The Inflation Reduction Act (IRA) passed last year by Democrats extended a 30% tax credit for wind, solar and other green energy projects, but also provided an extra 10% boost to those investing in so-called “energy communities.”

The boosted tax credit is central to the administration’s goal of ensuring areas long dependent on fossil fuels benefit from clean energy.
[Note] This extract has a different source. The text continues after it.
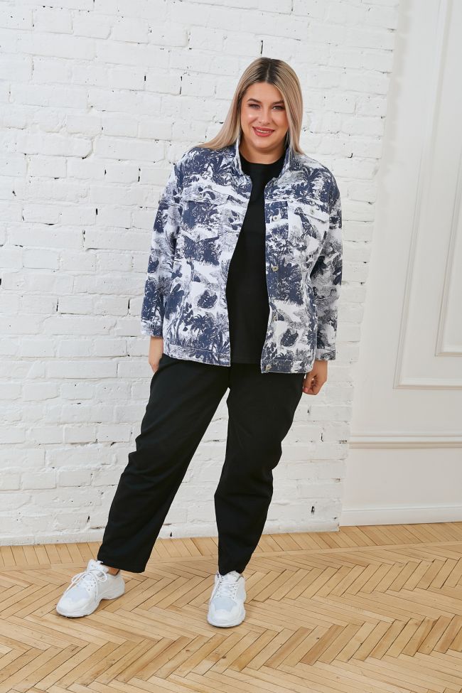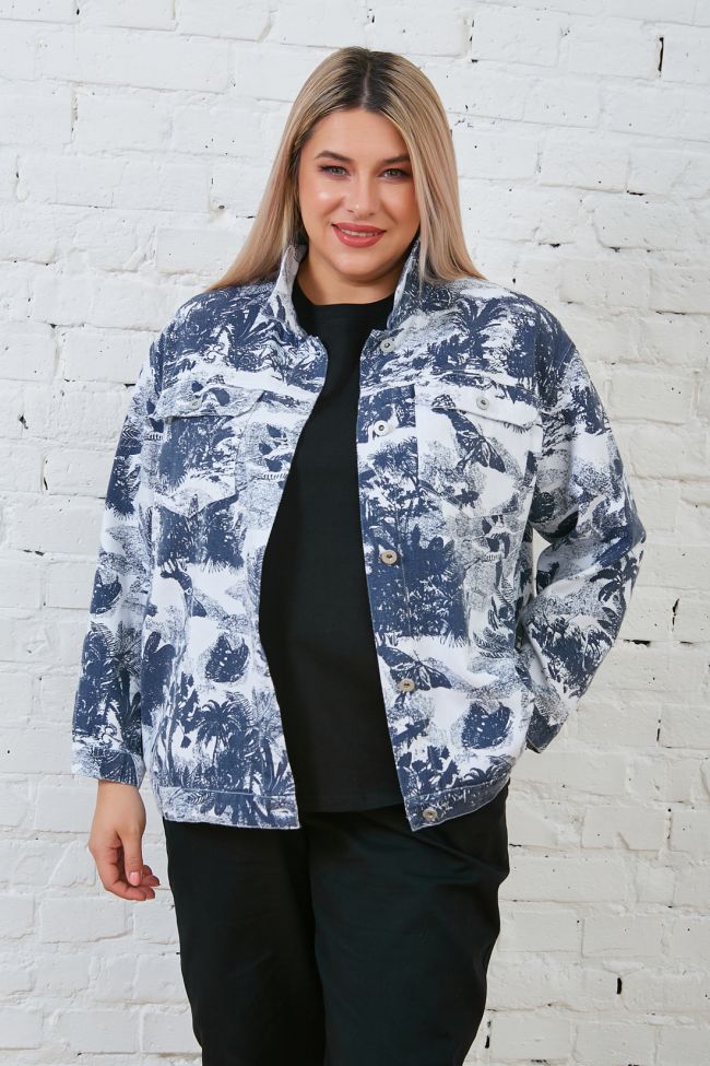 сине-белый Стильная куртка прямого силуэта, выполнена из хлопковой джинсы, без подкладки.

It also helped secure West Virginia Democrat Joe Manchin’s essential support for the bill.

The extra credit will likely cover projects in places like coal-heavy Appalachia decimated by mine and plant closures.

“Communities like coal communities have the knowledge, infrastructure, resources and know-how to play a leading role in the move to a clean energy economy,” U.S. Deputy Treasury Secretary Wally Adeyemo said.
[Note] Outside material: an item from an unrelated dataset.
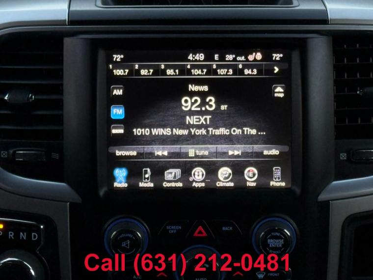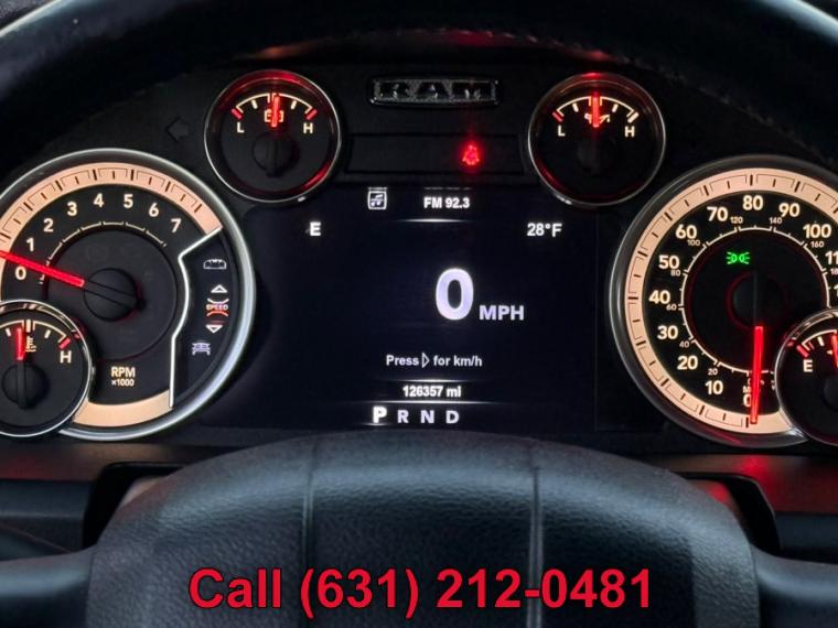 ABS, 4-Wheel Disc Brakes, 8 Cylinder Engine, 8-Speed A/T, A/C, A/T, Adjustable Steering Wheel, Transmission w/Dual Shift Mode, Automatic Headlights, Auxiliary Audio Input, Brake Assist, Child Safety Locks, Cloth Seats, Cruise Control, Daytime Running Lights, Driver Air Bag, Stability Control, Four Wheel Drive, Floor Mats, Conventional Spare Tire, Gasoline Fuel, Heated Mirrors, Integrated Turn Signal Mirrors, Intermittent Wipers, Keyless Entry, MP3 Capability, Passenger Air Bag, Passenger Air Bag Sensor, Passenger Vanity Mirror, Power Door Locks, Power Mirror(s), Power Steering, Power Windows, Privacy Glass, Rear Bench Seat, Rear Head Air Bag, Requires Subscription, Satellite Radio, Front Side Air Bag, Front Head Air Bag, Tire Pressure Monitor, Traction Control, Trip Computer, Variable Speed Intermittent Wipers, Immobilizer, Bluetooth Connection, Auto On/Off Reflector Halogen Daytime Running Headlamps w/Delay-Off, Black Exterior Mirrors, Black Side Windows Trim and Black Front Windshield Trim, Cargo Lamp w/High Mount Stop Light, Centre Hub, Chrome Door Handles, Chrome Front Bumper w/Body-Coloured Rub Strip/Fascia Accent, Chrome Grille, Chrome Rear Step Bumper, Clearcoat Paint, Deep Tinted Glass, Exterior Mirrors w/Heating Element, Front License Plate Bracket, Full-Size Spare Tire Stored Underbody w/Crankdown, Galvanized Steel/Aluminum Panels, Power Rear Window, Power Side Mirrors w/Manual Folding, Regular Box Style, Steel Spare Wheel, Tailgate Rear Cargo Access, Tailgate/Rear Door Lock Included w/Power Door Locks, Tip Start, Tires: P265/70R17 BSW AS, Variable Intermittent Wipers, Wheels: 17" x 7" Aluminum, 2 12V DC Power Outlets, 4-Way Driver Seat -inc: Manual Recline and Fore/Aft Movement, 4-Way Passenger Seat -inc: Manual Recline and Fore/Aft Movement, Analog Appearance, Armrests w/Storage and Rear Centre Armrest, Cargo Area Concealed Storage, Cloth Front 40/20/40 Bench Seat, Compass, Cruise Control w/Steering Wheel Controls, Day-Night Rearview Mirror, Delayed Accessory Power, Driver Information Centre, Fade-To-Off Interior Lighting, FOB Controls -inc: Cargo Access, Front 40/20/40 Split Bench Seat, Front Armrest w/3 Cup Holders, Front Map Lights, Full Carpet Floor Covering -inc: Carpet Front And Rear Floor Mats, Full Cloth Headliner, Full Folding Bench Front Facing Fold-Up Cushion Cloth Rear Seat, Gauges -inc: Speedometer, Odometer, Voltmeter, Oil Pressure, Engine Coolant Temp, Tachometer, Oil Temperature, Transmission Fluid Temp, Engine Hour Meter, Trip Odometer and Trip Computer, Glove Box, GPS Antenna Input, Hands-Free Comm w/Bluetooth, HVAC -inc: Underseat Ducts and Console Ducts, Instrument Panel Bin, Dashboard Storage, Driver / Passenger And Rear Door Bins and 2nd Row Underseat Storage, Interior Trim -inc: Deluxe Sound Insulation, Metal-Look Instrument Panel Insert, Metal-Look Door Panel Insert and Chrome/Metal-Look Interior Accents, Manual Adjustable Front Head Restraints and Manual Adjustable Rear Head Restraints, Manual Air Conditioning, Manual Tilt Steering Column, Mini Overhead Console and 2 12V DC Power Outlets, Outside Temp Gauge, Passenger Visor Vanity Mirror, Pickup Cargo Box Lights, Power 1st Row Windows w/Driver And Passenger 1-Touch Up/Down, Power Door Locks w/Autolock Feature, Power Rear Windows, Rear Cupholder, Redundant Digital Speedometer, Remote Keyless Entry w/Integrated Key Transmitter, Illuminated Entry and Panic Button, Remote USB Port - Charge Only, Seats w/Cloth Back Material, Sentry Key Immobilizer, Storage Tray, Trip Computer, Urethane Gear Shifter Material, Valet Function, Vinyl Door Trim Insert, 160 Amp Alternator, 3.21 Rear Axle Ratio, 4-Wheel Disc Brakes w/4-Wheel ABS, Front Vented Discs, Brake Assist and Hill Hold Control, 730CCA Maintenance-Free Battery, 739.4 Kgs Maximum Payload, 98.4 L Fuel Tank, Auto Locking Hubs, Block Heater, Electric Power-Assist Steering, Electronic Transfer Case, Engine Oil Cooler, Engine: 3.6L Pentastar VVT V6 -inc: Flex Fuel Vehicle, Front And Rear Anti-Roll Bars, GVWR: 3, 084 kgs (6, 800 lbs), HD Shock Absorbers, Part-Time Four-Wheel Drive, Short And Long Arm Front Suspension w/Coil Springs, Single Stainless Steel Exhaust, Solid Axle Rear Suspension w/Coil Springs, Towing Equipment -inc: Trailer Sway Control, Trailer Wiring Harness, Transmission w/Driver Selectable Mode, Sequential Shift Control w/Steering Wheel Controls and Oil Cooler, Transmission: 8-Speed TorqueFlite Automatic (DFL), ABS And Driveline Traction Control, Airbag Occupancy Sensor, Curtain 1st And 2nd Row Airbags, Dual Stage Driver And Passenger Front Airbags, Dual Stage Driver And Passenger Seat-Mounted Side Airbags, Electronic Stability Control (ESC), Outboard Front Lap And Shoulder Safety Belts -inc: Rear Centre 3 Point, Height Adjusters and Pretensioners, Rear Child Safety Locks, Side Impact Beams, Tire Specific Low Tire Pressure Warning

The bonus credit also is available to other “energy communities” – areas that have significant employment or local tax revenues from fossil fuels and higher than average unemployment.

To qualify for the bonus, a metropolitan statistical area or non-metropolitan statistical area must have or have recently had at least 0.17% direct employment, or at least 25% local tax revenues related to the extraction, processing, transport, or storage of coal, oil, or , the Treasury Department said.

The community must also have an unemployment rate at or above the national average unemployment rate for the previous year.

The text of the IRA specifies that “brownfield” properties contaminated by hazardous materials or other pollutants, also qualify as energy communities and Treasury is partnering with an interagency group to help identify areas that may be eligible for the bonus tax credit.

The Treasury said it will open project applications for the first round of coal and energy communities tax credits on May 31.

The Treasury will also release a searchable mapping tool that helps identify areas that may be eligible for the energy community bonus based on the fresh guidance. The bipartisan infrastructure bill and IRA tend to favor red states, including those that have been heavy coal producers.

The Department of Energy is also announcing that it is making $16 million available through the IRA to the University of North Dakota and West Virginia University to complete design studies on refineries that will extract and separate rare earth elements and other critical minerals from coal ash, acid mine drainage, and other mine waste. Those minerals are crucial to producing clean energy technologies like batteries and solar panels.